Type 2 Diabetes Symptoms in Children
While the signs of diabetes in children with type 1 diabetes generally develop quickly, the symptoms of type 2 diabetes often develop over time. In fact, some children that have this type of diabetes display no symptoms. The following are common signs of type 2 diabetes in children:
- Increase in Thirst and Urination – As the body pulls fluid from tissues to deal with all the glucose in the bloodstream, an increase in thirst often occurs. Since children drink more, it also results in increased urination.

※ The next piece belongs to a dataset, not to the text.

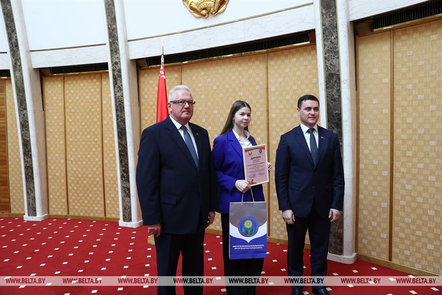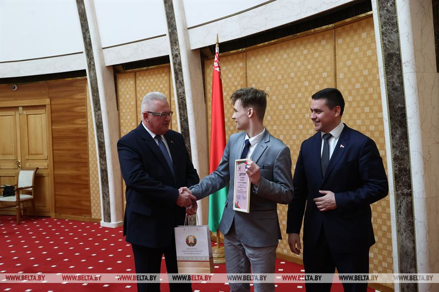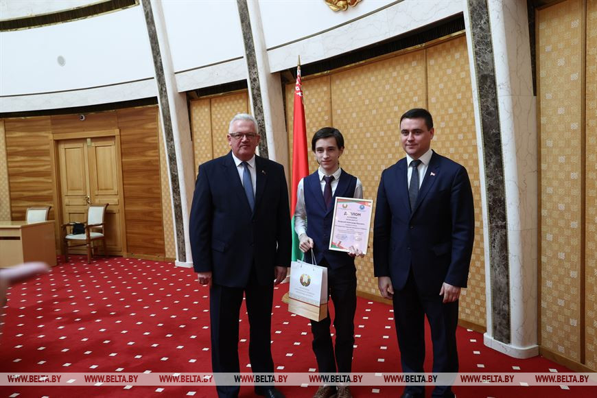 Победители получили дипломы и подарки из рук председателя Центральной избирательной комиссии Игоря Карпенко и министра образования Андрея Иванца. "Согласно измененному Избирательному кодексу, который мы приводили в соответствие с Конституцией, принятой на референдуме, появилась одна из новых функций Центральной избирательной комиссии - участие в правовом просвещении граждан, в том числе молодежи в области избирательного права и избирательного процесса. И мы с Министерством образования подписали целый план взаимодействия по правовому просвещению молодежи, формированию правовой культуры подрастающего поколения. А это очень важная составляющая для формирования и гражданина, и патриота нашей страны, - сказал Игорь Карпенко. - В рамках этого плана мы впервые провели интернет-олимпиаду по избирательному законодательству и избирательному процессу. Сегодня 22 победителя, которые заняли первое, второе и третье места, награждены дипломами".

- Weight Loss – Children may lose weight as fat stores and muscle tissues shrink because cells no longer get the energy they need.
- Regularly Infections or Slow Healing – Your child’s ability to fight off infections and his ability to heal may be affected by type 2 diabetes.
- Increase in Hunger – Even after eating, children may complain of hunger since the body is not getting the energy it needs.
- Patches of Darkened Skin – Patches of darkened skin, specifically around the neck or the armpits, may be a sign that your child is insulin resistant.
- Fatigue – Children often become fatigued or irritable easily because their cells fail to get sugar.
What to Do if Your Child Displays the Early Signs of Diabetes
If parents notice any of the early signs of diabetes in their children, it is important to have the child seen by their pediatrician. Even if your child does not display symptoms of diabetes, parents may want to have their child’s physician perform a diabetes screening if the child has multiple risk factors for diabetes.